- TASK DESCRIPTION
Leave out the pictures and output exactly the lines below from the one with "Dette flotte sommerhus, bygget" down to the one with "当番の飼育委員児童がムギのお", both of them included.

- PROVIDED MATERIAL
---------------

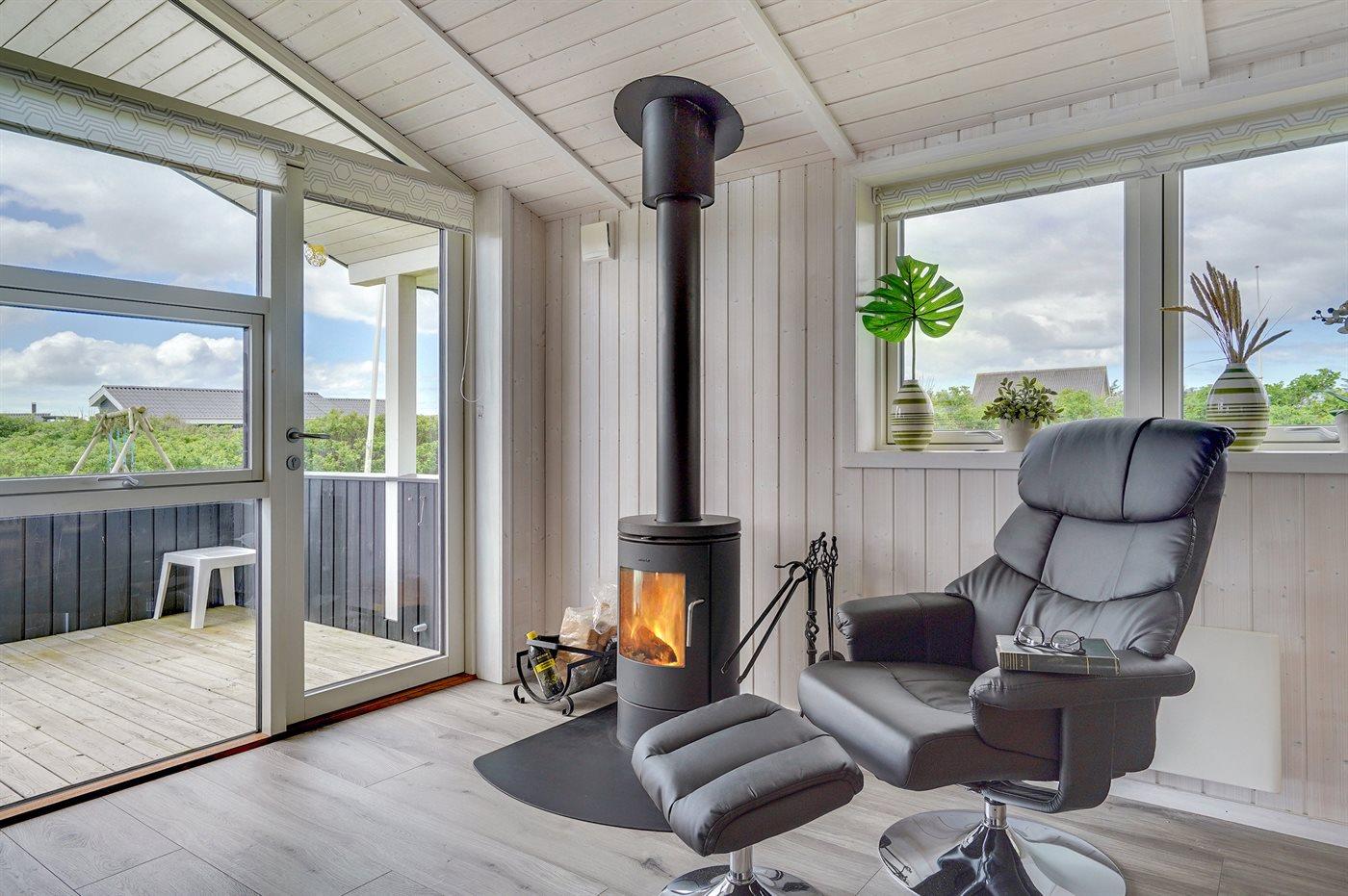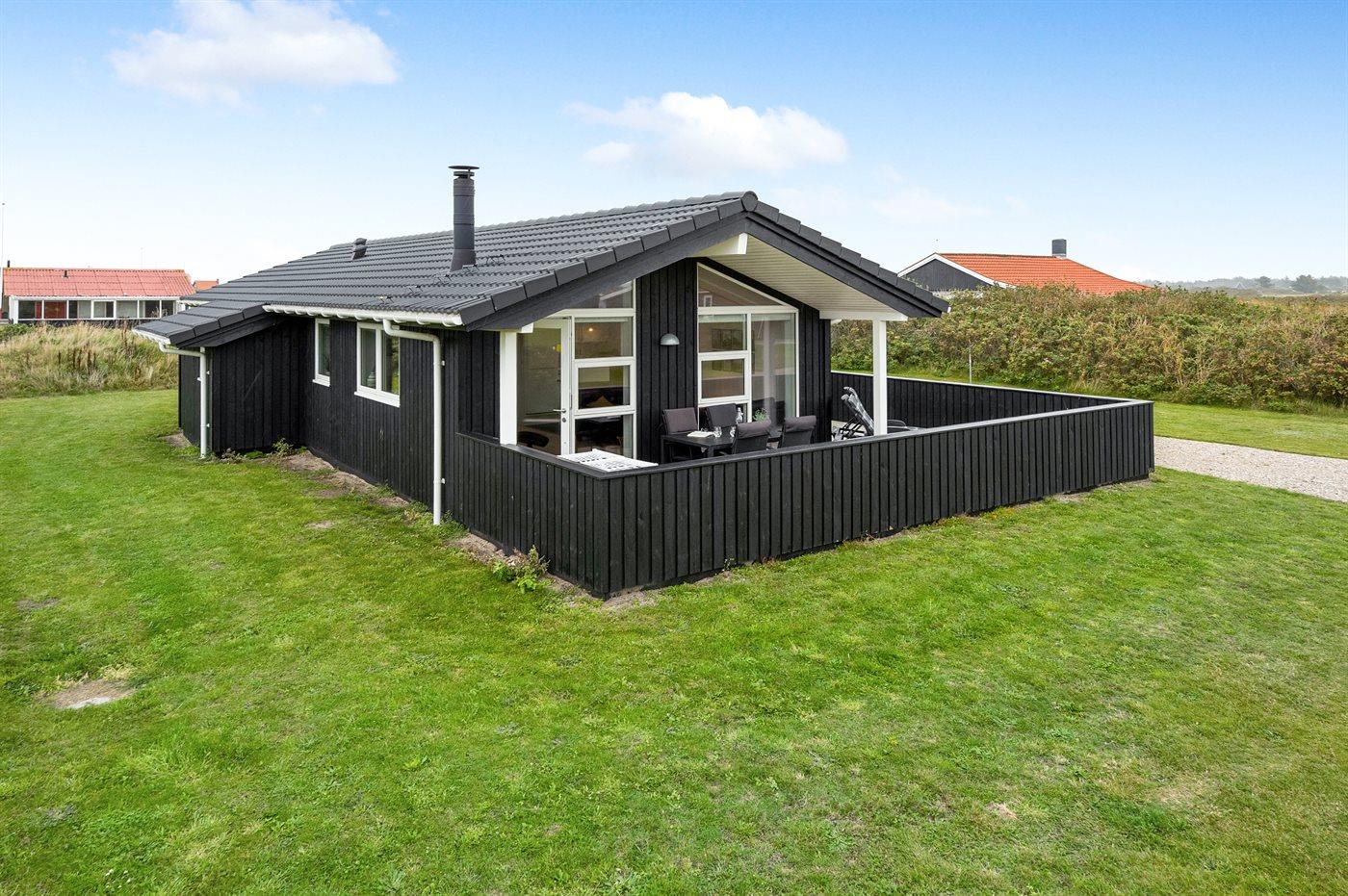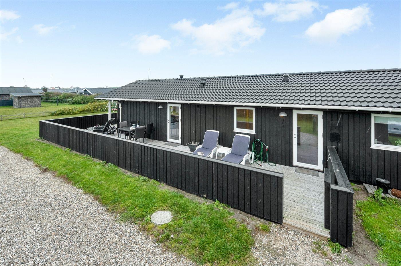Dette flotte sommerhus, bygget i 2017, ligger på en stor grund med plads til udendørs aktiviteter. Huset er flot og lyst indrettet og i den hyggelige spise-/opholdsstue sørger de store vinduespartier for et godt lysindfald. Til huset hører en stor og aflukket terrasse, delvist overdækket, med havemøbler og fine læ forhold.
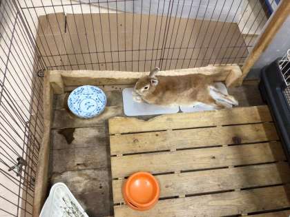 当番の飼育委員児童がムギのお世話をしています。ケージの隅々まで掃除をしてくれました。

---------------

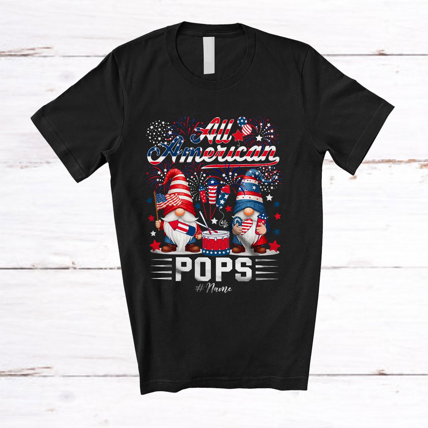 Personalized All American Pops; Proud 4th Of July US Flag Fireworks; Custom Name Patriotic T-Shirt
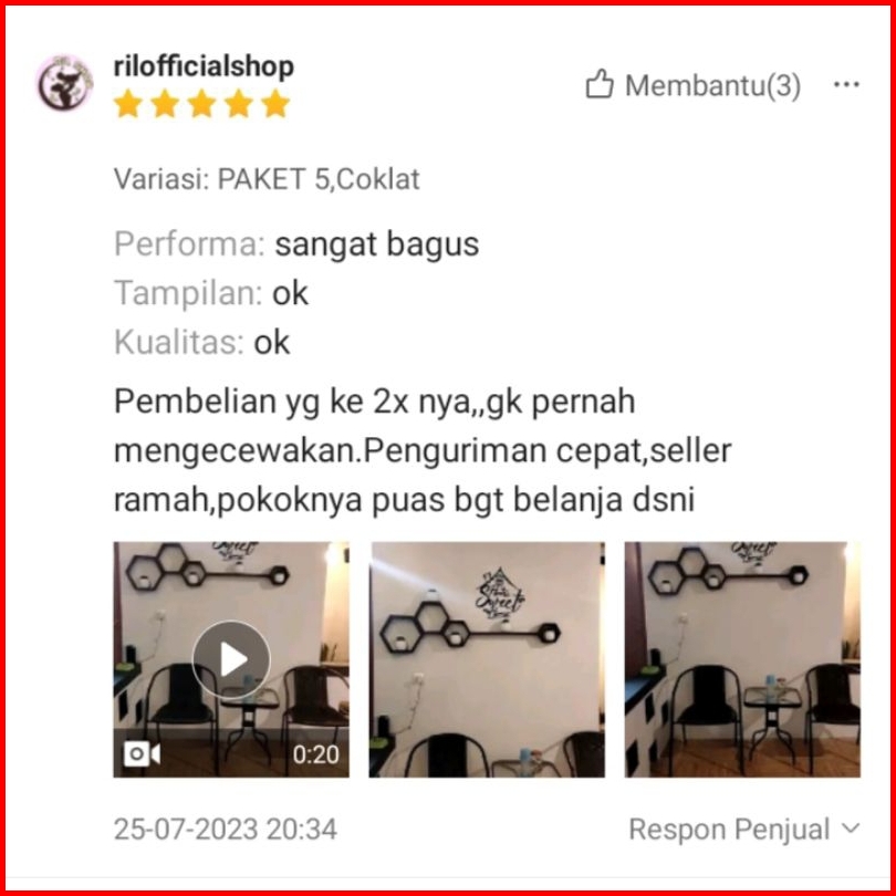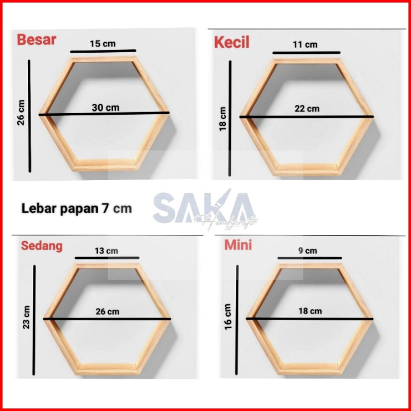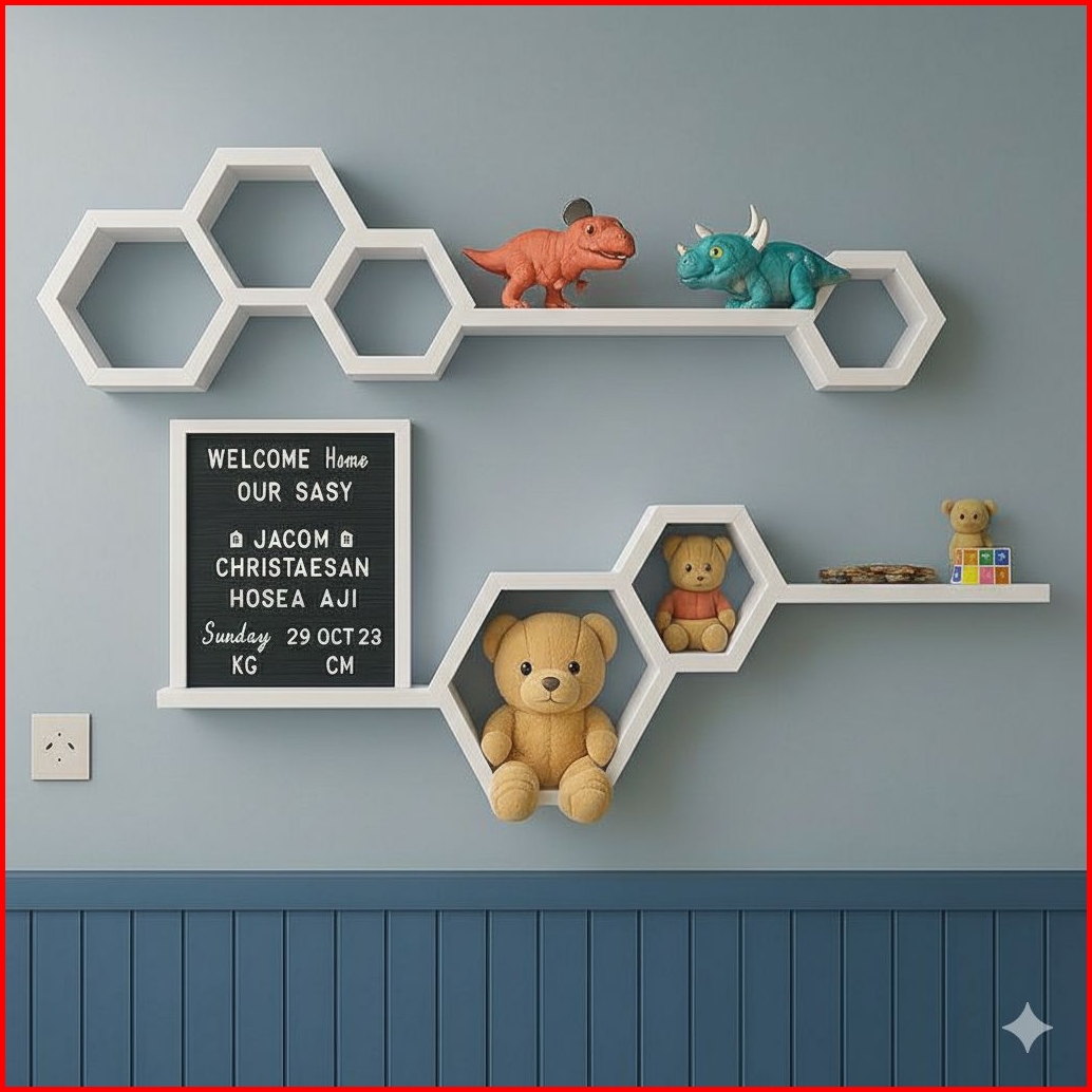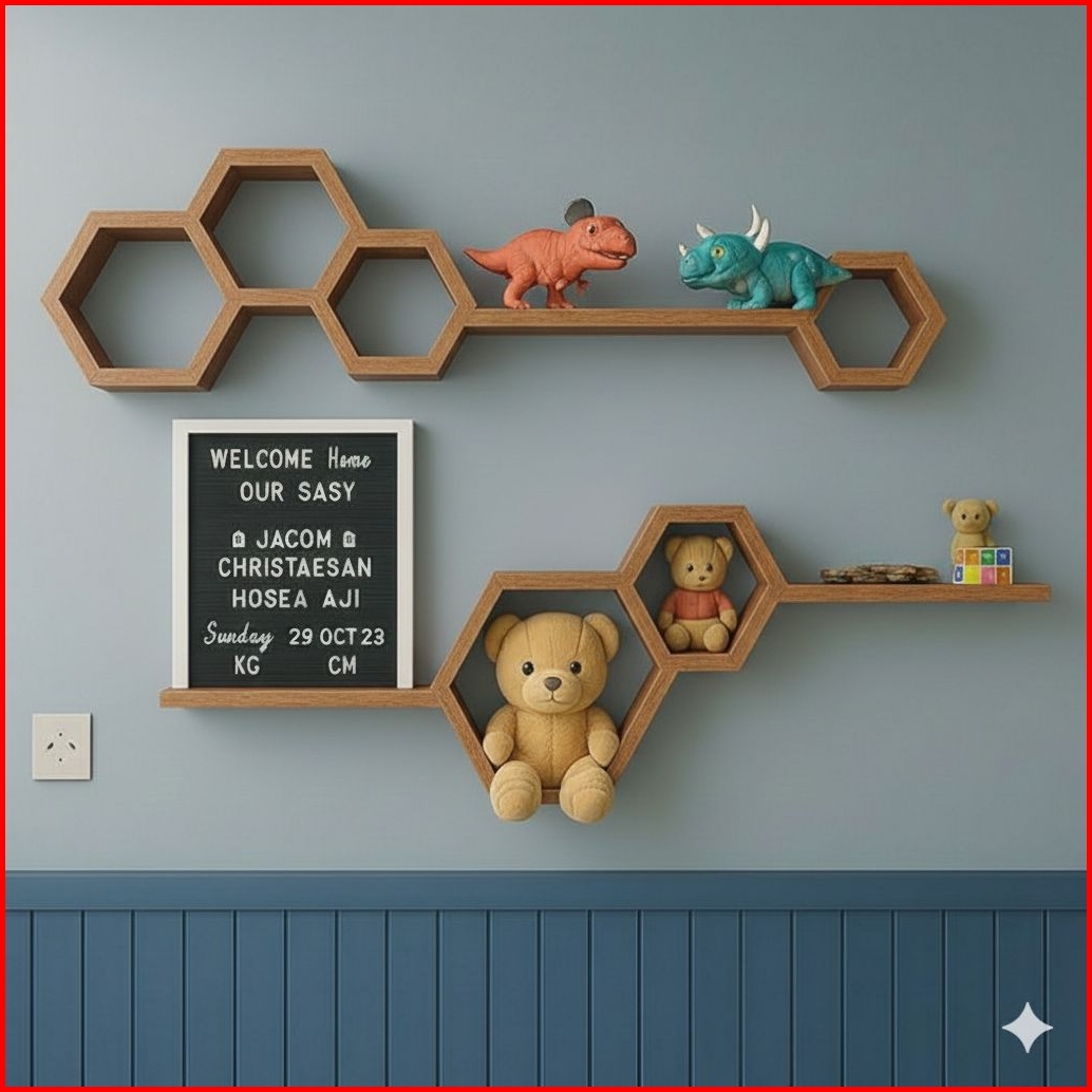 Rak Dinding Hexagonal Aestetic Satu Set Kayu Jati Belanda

---------------

- TASK RESPONSE
Dette flotte sommerhus, bygget i 2017, ligger på en stor grund med plads til udendørs aktiviteter. Huset er flot og lyst indrettet og i den hyggelige spise-/opholdsstue sørger de store vinduespartier for et godt lysindfald. Til huset hører en stor og aflukket terrasse, delvist overdækket, med havemøbler og fine læ forhold.
 当番の飼育委員児童がムギのお世話をしています。ケージの隅々まで掃除をしてくれました。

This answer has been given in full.